Я вытираю слезинку с его щеки и целую в уголок губ. Канмин всхлипывает, всеми силами старается удержать, но я знаю, к чему в итоге это приведёт.
***
— О, это вы! Давно вас не было, господин! Проходите скорее.
Щебетание Хэджин я услышу даже из подсобки. Оно сладкое, приторное настолько, что иногда противно. Хочется заткнуть уши. Тем более, что носится она так с особо богатым посетителем, который не объявлялся с тех пор, как он побывал у меня в гостях.
Я прохожу за кассу. Пак Ёнгам поправляет полы длинного пальто, когда садится на своё уже успевшее стать законным место — за столик практически в самом центре зала, прямо перед кассой. Прямо передо мной. Ёнгама действительно не было видно эти три с лишним недели, и я успел позабыть о том, как сильно ненавижу его.
Вечереет. Через несколько часов наступит двадцать шестое число, и день рождения Канмина пройдёт. Я звонил ему сегодня. Трубку он поднял, но ничего, кроме слов благодарности, не сказал, не спросил, встретимся ли мы, как всегда бывало, и даже не поддразнил своим пресловутым «Я скоро приеду к тебе». Такое поведение казалось чем-то невозможным, но я ожидал этого.
Хэджин относит нескольким посетителям меню, а когда походит к Паку, он останавливает её. Я бы и дальше полировал до блеска все возможные поверхности, полки и кофе-машины, вот только пристальное внимание смущало. Тонкие губы Ёнгама растягиваются в обворожительной улыбке, когда Хэджин возвращается ко мне, и я тут же ловлю на себе любопытствующий взгляд.
— Что он сказал?
— Спрашивал, когда у тебя заканчивается смена…
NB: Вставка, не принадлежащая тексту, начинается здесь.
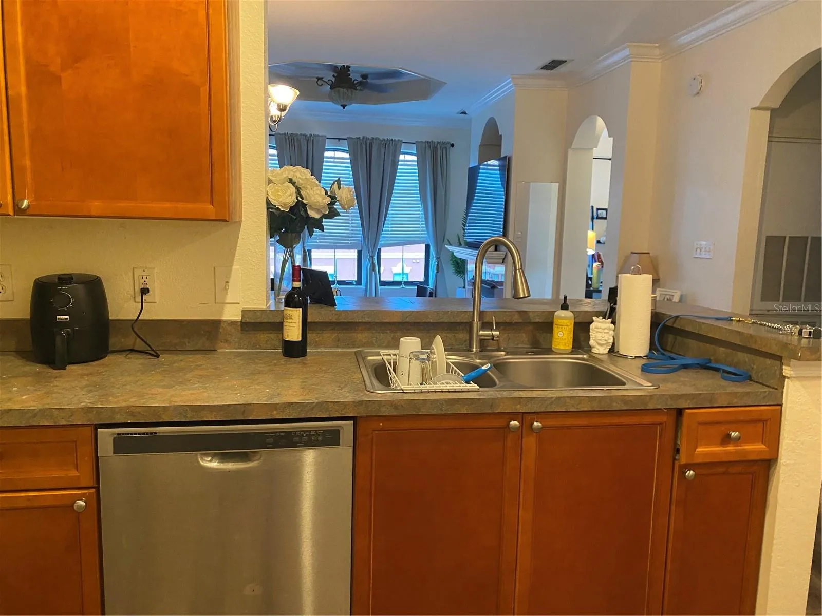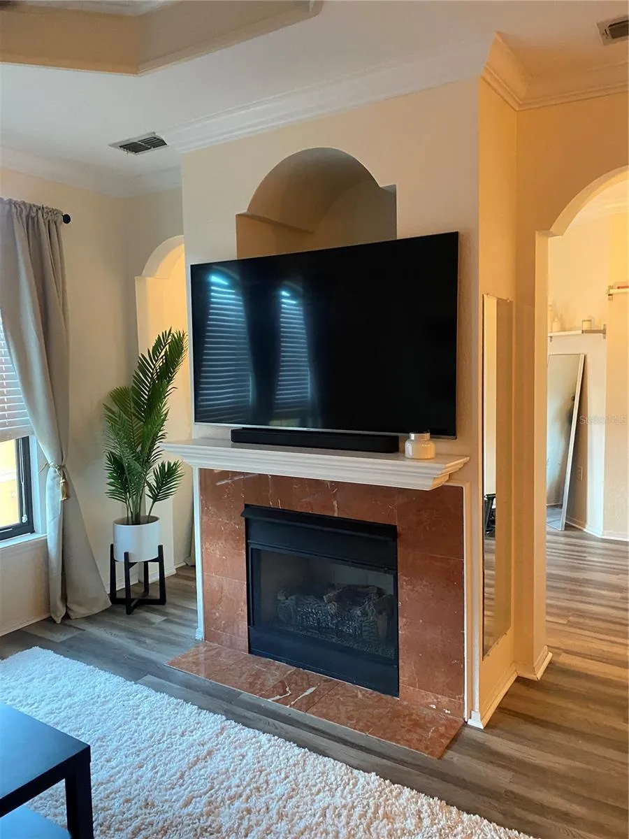 throughout. The living, dining & master bedroom area features crown molding. The living area has coffered ceiling, updated ceiling fan and a

Я хмурюсь, облокачиваюсь на стойку.
— Ты точно правильно его поняла?
— Оппа, я похожа на дуру? Он… Смотрит на тебя такими голодными глазами, не думаю, что он сюда ради кофе приходит.
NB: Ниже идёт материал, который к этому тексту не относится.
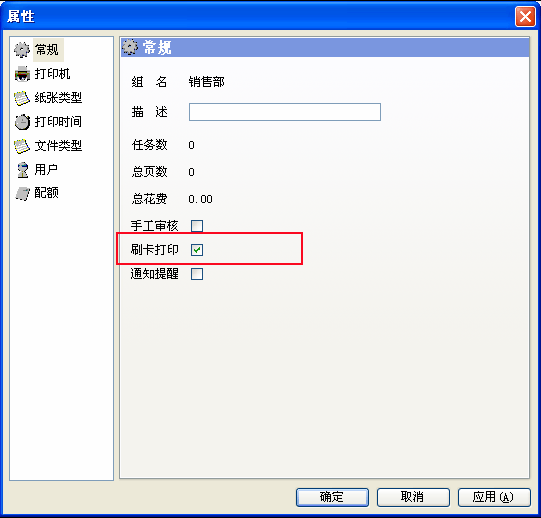【此項(xiàng)設(shè)置表示:該組(或部門)內(nèi)的所有用戶打印時(shí),都將啟用刷卡打印功能?!?br /> 選中要啟動(dòng)刷卡功能的部門,勾選刷卡打印。這樣該部門內(nèi)的所有用戶打印時(shí),都需要刷卡后方可打印。

Я презрительно фыркаю. Хэджин уходит, не дождавшись ответа, относит заказы и больше со мной не говорит. Что ж, это мы переживём.
Он опять несёт какой-то бред. В его рассказе столько высокопарности, но при этом вся она разбивается об один очевиднейший факт — Пак Ёнгаму сложно быть искренним и приходить без заготовленной заранее речи, он так не умеет. Он словно по бумажке читает, когда с лицом смущённого школьника, лишившегося девственности по пьяни, мямлит, что ему жаль.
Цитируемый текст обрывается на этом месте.